> _REQUIRED ACTION_:
Write out the data exactly, please, and omit the pictures.

> _GIVEN INFORMATION_:
★ ★ ★

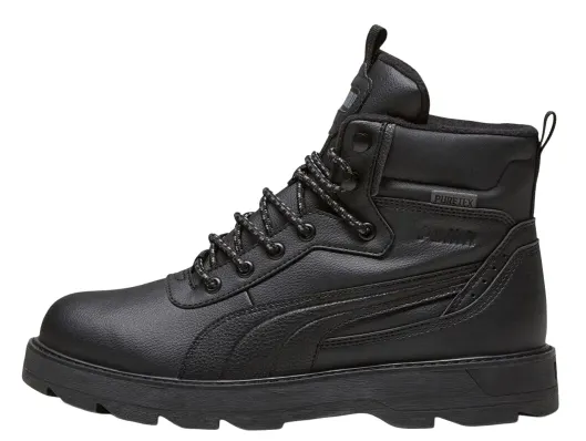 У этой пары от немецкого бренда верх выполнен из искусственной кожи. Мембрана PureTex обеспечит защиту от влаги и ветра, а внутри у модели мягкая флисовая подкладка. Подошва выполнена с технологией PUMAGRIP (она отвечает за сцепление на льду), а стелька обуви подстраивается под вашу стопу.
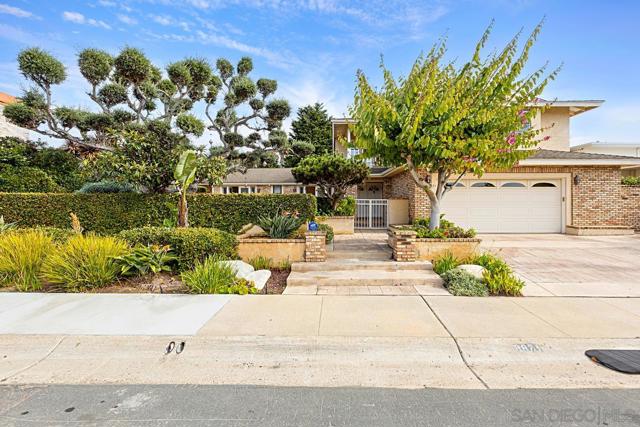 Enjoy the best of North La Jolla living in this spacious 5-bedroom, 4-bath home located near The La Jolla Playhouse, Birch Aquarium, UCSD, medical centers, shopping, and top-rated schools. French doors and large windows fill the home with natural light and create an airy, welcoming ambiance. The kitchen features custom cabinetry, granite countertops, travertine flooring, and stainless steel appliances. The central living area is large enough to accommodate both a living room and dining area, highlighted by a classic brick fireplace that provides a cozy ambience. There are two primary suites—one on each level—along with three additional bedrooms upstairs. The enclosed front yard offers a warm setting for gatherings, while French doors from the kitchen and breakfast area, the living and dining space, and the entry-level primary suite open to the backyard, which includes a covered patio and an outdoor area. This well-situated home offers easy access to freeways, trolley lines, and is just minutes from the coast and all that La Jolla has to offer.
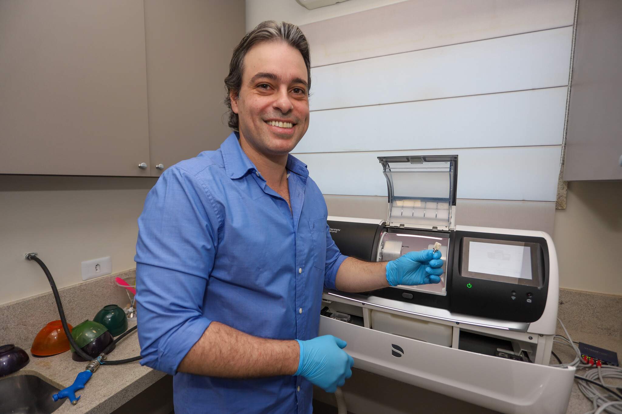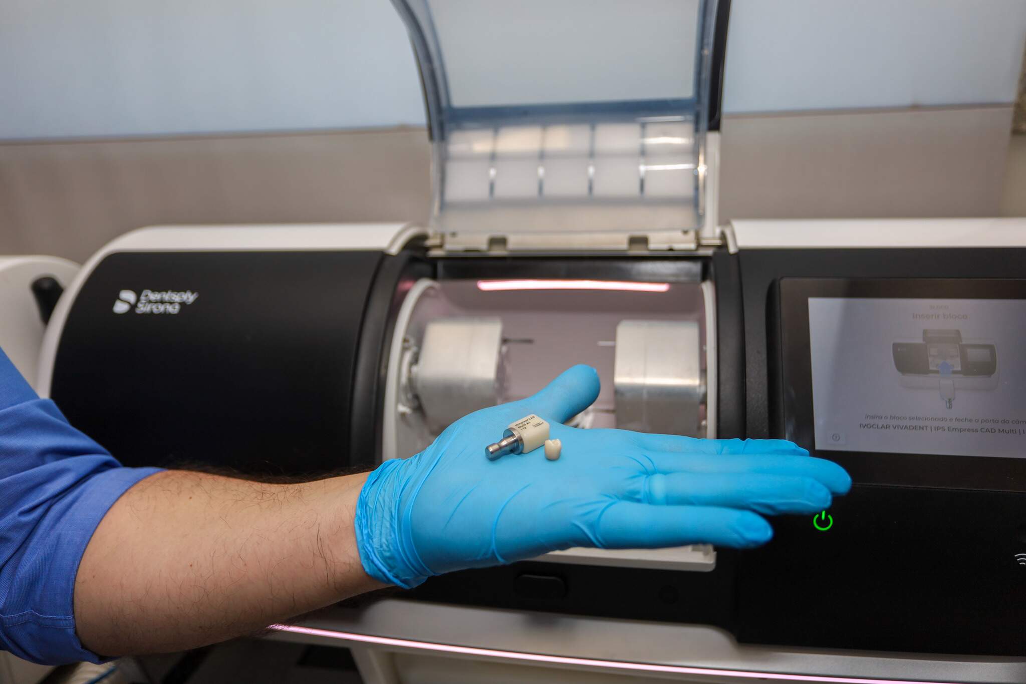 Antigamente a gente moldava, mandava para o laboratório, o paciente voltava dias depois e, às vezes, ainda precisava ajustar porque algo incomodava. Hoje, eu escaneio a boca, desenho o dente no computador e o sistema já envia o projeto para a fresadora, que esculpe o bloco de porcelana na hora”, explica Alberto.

★ ★ ★

> _FINISHED TASK_:
 У этой пары от немецкого бренда верх выполнен из искусственной кожи. Мембрана PureTex обеспечит защиту от влаги и ветра, а внутри у модели мягкая флисовая подкладка. Подошва выполнена с технологией PUMAGRIP (она отвечает за сцепление на льду), а стелька обуви подстраивается под вашу стопу.
 Enjoy the best of North La Jolla living in this spacious 5-bedroom, 4-bath home located near The La Jolla Playhouse, Birch Aquarium, UCSD, medical centers, shopping, and top-rated schools. French doors and large windows fill the home with natural light and create an airy, welcoming ambiance. The kitchen features custom cabinetry, granite countertops, travertine flooring, and stainless steel appliances. The central living area is large enough to accommodate both a living room and dining area, highlighted by a classic brick fireplace that provides a cozy ambience. There are two primary suites—one on each level—along with three additional bedrooms upstairs. The enclosed front yard offers a warm setting for gatherings, while French doors from the kitchen and breakfast area, the living and dining space, and the entry-level primary suite open to the backyard, which includes a covered patio and an outdoor area. This well-situated home offers easy access to freeways, trolley lines, and is just minutes from the coast and all that La Jolla has to offer.
 Antigamente a gente moldava, mandava para o laboratório, o paciente voltava dias depois e, às vezes, ainda precisava ajustar porque algo incomodava. Hoje, eu escaneio a boca, desenho o dente no computador e o sistema já envia o projeto para a fresadora, que esculpe o bloco de porcelana na hora”, explica Alberto.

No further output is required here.